Seems like I received an unexpected promotion today–or at least a hell of a lot more work. Not something I’d planned on, or even seen coming, and we’ll still have to iron out that whole awkward “compensation thing,” but I’ve been asked to handle pretty much all marketing operations for my company. Er, one of my companies. I’m going into a particularly busy patch at the other one, too. And just getting a possible third, that might turn into two separate companies, off the ground. Life’s complicated.

Sadly, that probably means fewer words here on Canootervalve.

I started this blog after a particularly rough experience left me suddenly–breathtakingly–free of work. As all too many of us know, that kind of freedom is a little like being “free of gravity”: liberating for a short period of time, less so as you get closer to the ground. I ended up writing this thing to tell strangers about stuff. Turned out to be stuff some of you cared about, and I’ll forever be extremely grateful for your poor taste in entertainment. It also, directly and indirectly, led to four of the projects I’m working on right now.

So things might get a little sparse, but I’ll keep trying to scribble a few words here and there, and this will still be where I work out the details of Project Danzig and some other new stuff that’s coming up. Daily posts were probably getting a little old for all of us, though, really.

So I threw myself a softball entry for today. After–let’s see–fourteen hours of work, I’m just offering you some photos of the best damn looking bikes at Interbike.
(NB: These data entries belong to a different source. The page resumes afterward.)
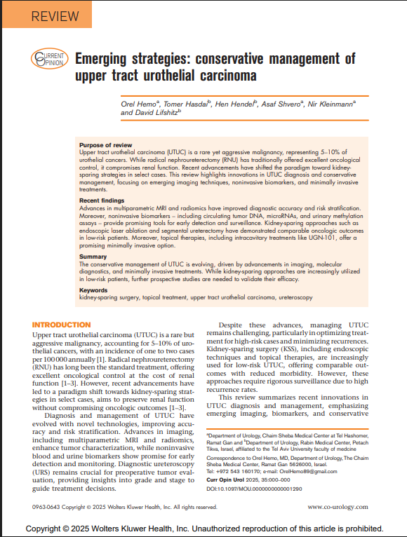 Upper tract urothelial carcinoma (UTUC) is a rare yet aggressive malignancy, representing 5–10% of urothelial cancers. While radical nephroureterectomy (RNU) has traditionally offered excellent oncological control, it compromises renal function. Recent advancements have shifted the paradigm toward kidney-sparing strategies in select cases. This review highlights innovations in UTUC diagnosis and conservative management, focusing on emerging imaging techniques, noninvasive biomarkers, and minimally invasive treatments.
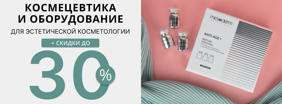Только сейчас действуют скидки до 30% на самые востребованные пептидные коктейли и оборудование для эстетической косметологии. Подготовьтесь к сезону мезотерапии с максимальной выгодой!
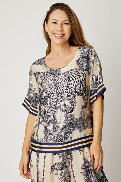 Versatile Styling: Pair with the Jungle Print Pant for a matching set or style with a simple tee for casual chic.
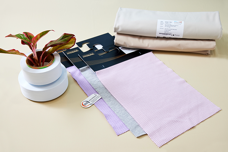 우선, 기존 석탄 대신 옥수수에서 추출한 천연 원료를 가공해 만든 바이오 스판덱스 ‘크레오라 바이오베이스드(creora® bio-based)’ 상용화를 세계 최초로 성공했습니다. 더불어 스위스 제네바에 본사를 둔 세계적인 검사, 검증, 테스트 및 인증기관인 SGS로부터 글로벌 친환경 인증 ‘에코 프로덕트 마크’까지 획득했죠. 크레오라 바이오베이스드를 사용하면 기존 스판덱스 대비 물 사용량은 39%, 이산화탄소(CO2) 배출량은 23%나 줄일 수 있습니다. 최근 세계 최대 아웃도어 패션 전시회 ‘ISPO 뮌헨’에서 판가이아(PANGAIA)와 협업한 크레오라 바이오베이스드 제품 전시하기도 했습니다.

One up top there is a Santa Cruz Tallboy that appeared in the Capo booth (along with a very fine pink Parlee). Not entirely un-Cannondale-like, but special somehow, just the same. It spoke to me. What it said was, “Take my picture,” and then it said, “You’ve somehow disabled auto-focus on your fancy camera app, dumbass,” and then it said all sorts of unsavory things I’d rather not repeat. Still: sharp bike.

Here’s the other best finish in the show.

That’s a BMC Impec. BMC has survived dopers and crappy designs and just keeps powering through any adversity with insanely stunning bikes like this. The finish is a mix of “we took the time to come up with our own distinct carbon fiber weave, bitches” and Lamborghini orange. Works.

I’ve sold a Lamborghini orange Indy Fab bike before and have always liked the color, but I don’t remember thinking if the price tag were 32 teeth I’d be riding that bike with the biggest toothless grin ever.

Actually, I do remember thinking that about the Indy Fab, too. So nevermind.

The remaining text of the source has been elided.